Director of Admissions & Marketing, Crespi Carmelite High School

Mr. Kodama has been a Certified Gurian Trainer since 2007. He is the Director of Admissions, Marketing, and Public Relations at Crespi Carmelite High School. He is also the head soccer coach and the Director of K-sports Soccer Camps. He has been involved in the educational field since 1991.  In his role as the Director of Admissions he has increased enrollment at Crespi Carmelite High School nearly 20% within his first five years. He has taught a revolutionary course called ”Becoming a Man” to seniors at Crespi Carmelite High School for the past eight years. In this innovative class, he challenges his students to look at what it truly means to become a man in our society. He explores what their roles are as sons, brothers, fathers, husbands, and mentors. He has presented this class at the Gurian Institute in Colorado Springs. He has served as the social studies department chair, and taught World Cultural Geography, US History, AP Macroeconomics, Micro Economics, and World History.

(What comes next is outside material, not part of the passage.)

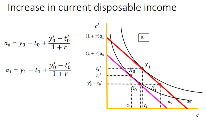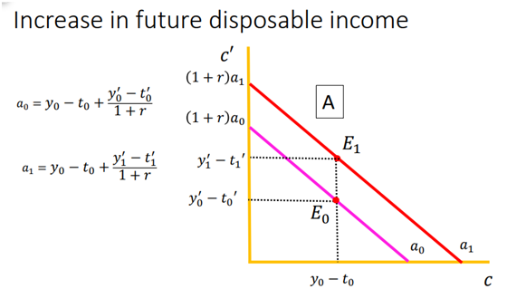 As both current and future goods are normal, then when there is a shift in the budget constraint, there is an increase in current and future income

As a certified trainer and teacher, Mr. Kodama brings a wide variety of experience working with children, parents, students, and athletes. He has been training parents and schools about how boys and girls learn differently and how to help them succeed in school since 2007. He was recently the Keynote Speaker at Pierce College in Woodland Hills for the Early Childhood Development program. He has presented numerous times at The Gurian Summer Institute in Colorado Springs, and has worked with the following schools: Berkeley School, Crossroads Christian, Serra High School, Encino Presbyterian Children’s Center, St. Mel’s School, Kirk of the Valley School, Laurel Hall, Weekday Preschool, Young Oak Kim Academy, Our Lady of Malibu, Palma High School, and Army Navy Academy.

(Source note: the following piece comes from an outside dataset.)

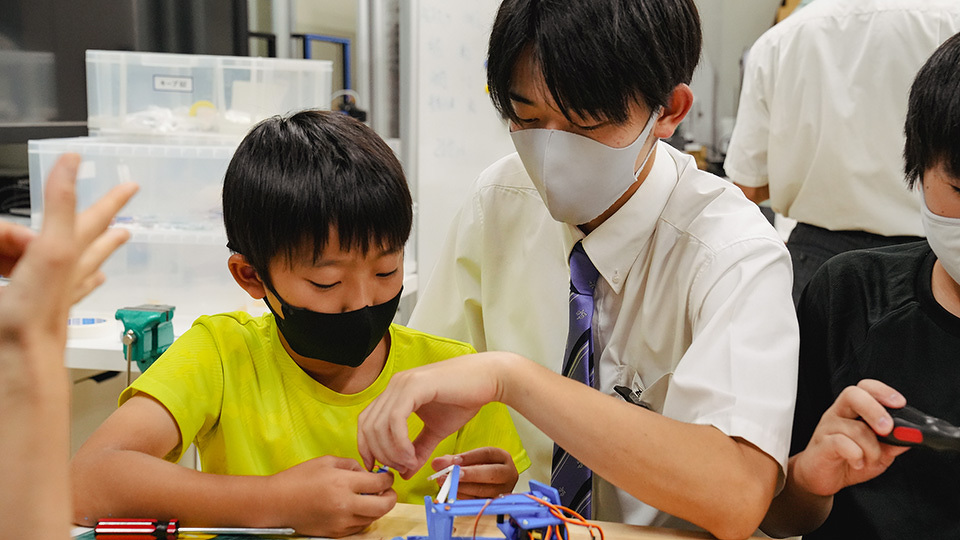 尼崎双星高校の情報技術部には、ロボットのコンテストで強豪・灘高を破って優勝するなど輝かしい実績があります。この日も、早々に組み立てを終えた部員が小学生へ自発的に教えてあげるなど、実力もさることながら、心優しい一面も見せてくれました。

As a coach, he has worked with both boys and girls as young as four, through college. He has been running soccer camps, clinics, and coaching for over 20 years throughout the Los Angeles area. Many of his players have gone on to play at advanced levels of soccer.

He grew up in the San Fernando Valley. He is the youngest of five siblings, and is married and has a seven year-old son and six year-old daughter.